If True, the data loader will not shutdown the worker processes after a dataset has been consumed once.

Checkpointing

d9d.loop.config.CheckpointingConfig

Bases: BaseModel

Configuration for saving model snapshots.

Attributes:

Name Type Description
save_dir Path

The root directory where checkpoints will be stored.

period_steps StepActionPeriod

How frequently to save a checkpoint.

num_to_keep int | None

The maximum number of recent checkpoints to retain. If None, all checkpoints are kept.

Model Initialization

d9d.loop.config.ModelStageFactoryConfig

Bases: BaseModel

Configuration for initializing model weights.

Attributes:

Name Type Description
source_checkpoint Path | None

Path to an initial checkpoint to load into the model before training starts.

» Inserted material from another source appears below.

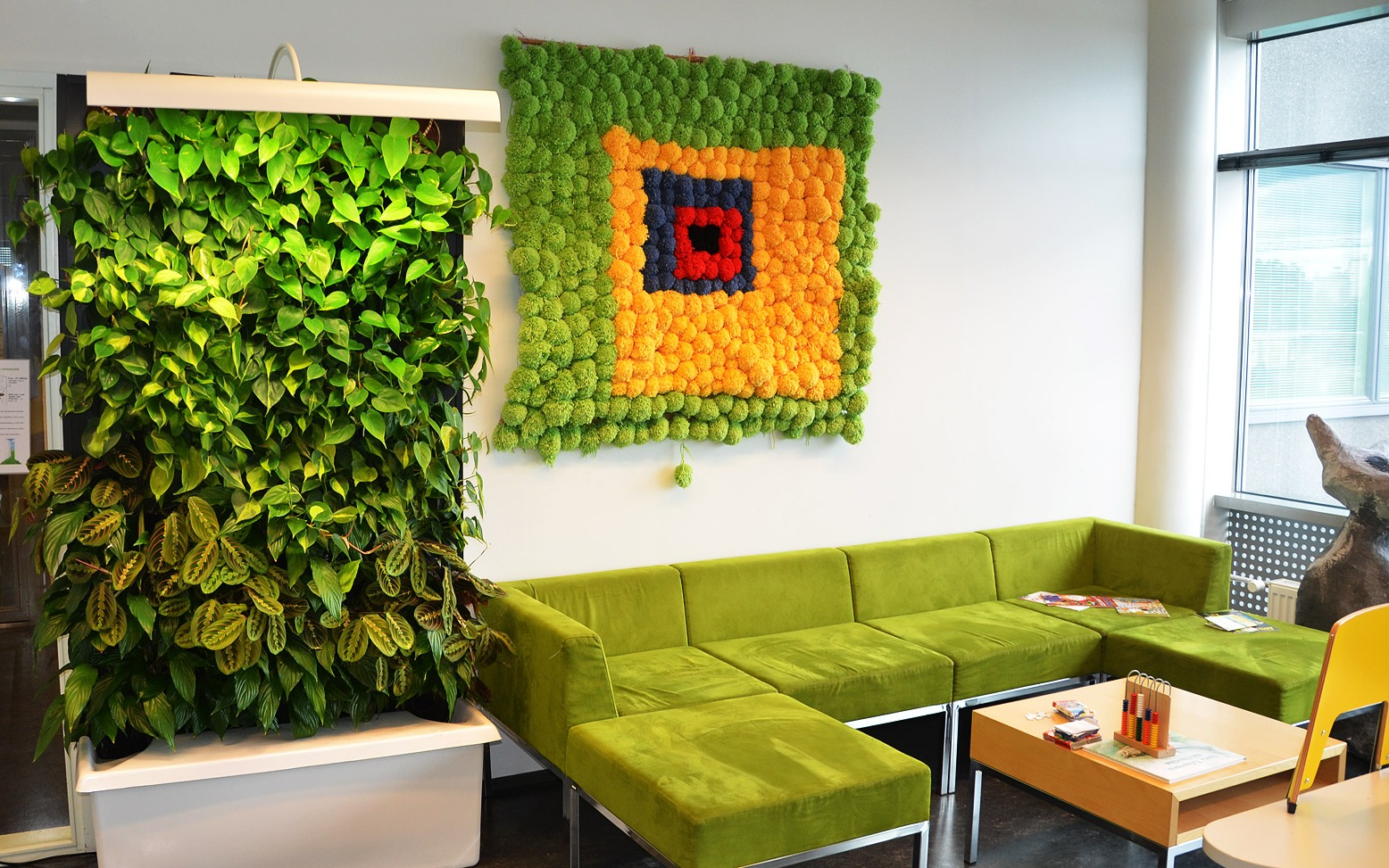 Зелёные растения дополняют яркую обстановку и вносят цветовой баланс

If None, random initialization is used.

checkpoint_only_trainable_parameters bool

If True, only parameters with requires_grad=True will be saved in checkpoints. Useful for PEFT/LoRA.

Optimization

d9d.loop.config.GradientClippingConfig

Bases: BaseModel

Configuration for gradient norm clipping.

Attributes:

Name Type Description
max_norm float | None

The maximum norm value for gradient clipping. If None, no clipping is performed.

log_total_steps StepActionPeriod

Frequency at which to log the total gradient norm.

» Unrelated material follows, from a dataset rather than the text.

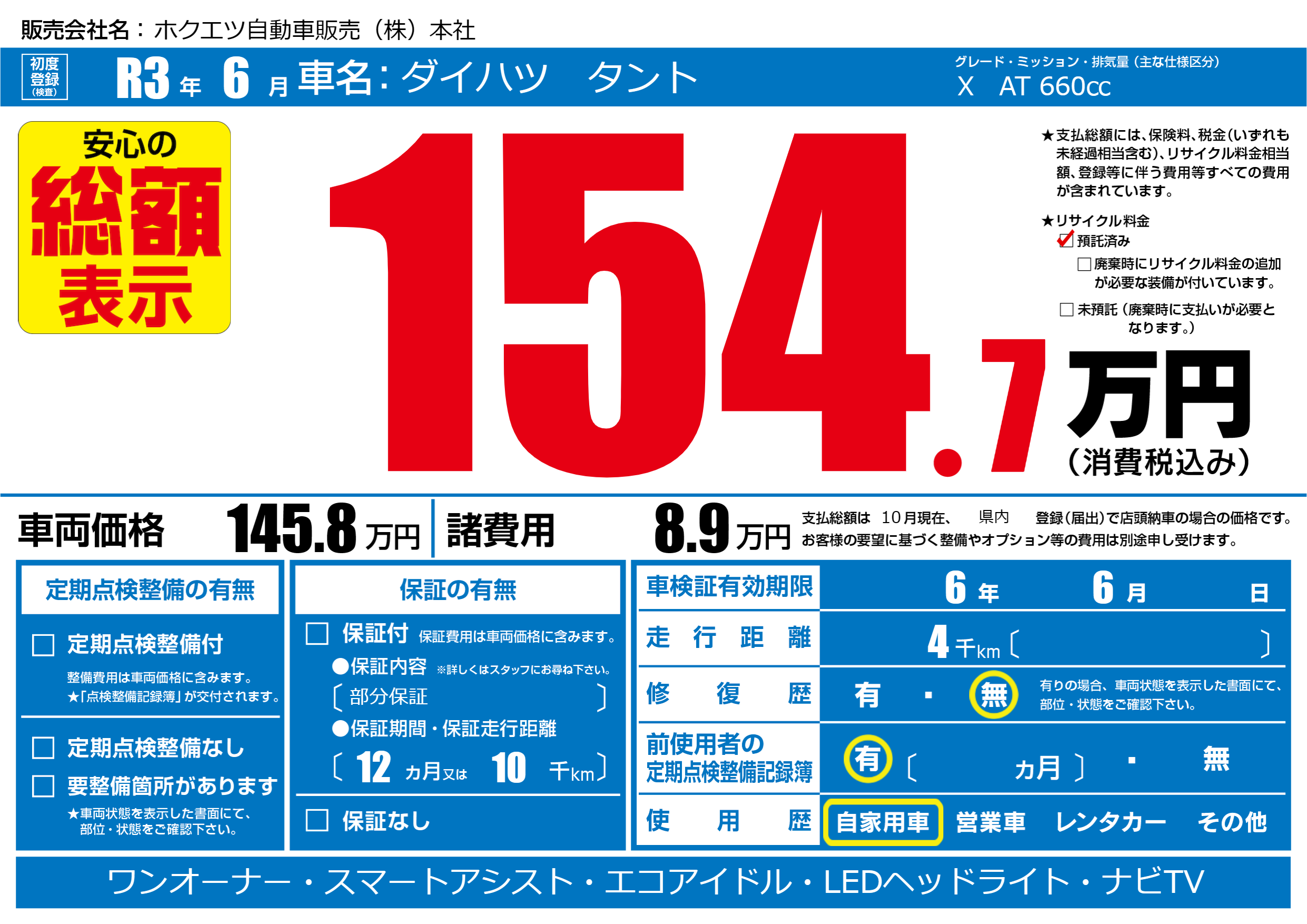 | 初年度登録 | R3年6月 | ||

d9d.loop.config.GradientManagerConfig

Bases: BaseModel

Configuration for gradient synchronization.

Attributes:

Name Type Description
grad_dtype str | None

The data type to use for storing the gradient. If None, follows the model's dtype.

bucket_size_mb int

The size of gradient buckets in Megabytes for communication.

Infrastructure

d9d.loop.config.PipeliningConfig

Bases: BaseModel

Configuration for pipeline parallelism orchestration.

Attributes:

Name Type Description
schedule AnyPipelineScheduleConfig

The specific scheduling strategy configuration used to manage pipeline execution.

d9d.loop.config.GarbageCollectionConfig

Bases: BaseModel

Configuration for manual Python garbage collection control.

Attributes:

Name Type Description
period_steps StepActionPeriod

How frequently to manually trigger the Python garbage collector.

d9d.loop.config.TimeoutConfig

Bases: BaseModel

Configuration for distributed process group timeouts.

Attributes:

Name Type Description
init_timeout int

Timeout in seconds for initializing the process group.

step_timeout int

Timeout in seconds for individual step communications.

Types

d9d.loop.config.StepActionPeriod = int | StepActionSpecial module-attribute

Union type representing a configuration for periodic events.

Values

int: The period in steps (frequency) at which the event occurs. StepActionSpecial: A special flag indicating end-of-run execution or disabling.

d9d.loop.config.StepActionSpecial

Bases: StrEnum

Special flag values for configuring periodic actions.

Attributes:

Name Type Description
last_step

Indicates the action should occur exactly once at the very end of the training run.

disable

Indicates the action should never occur.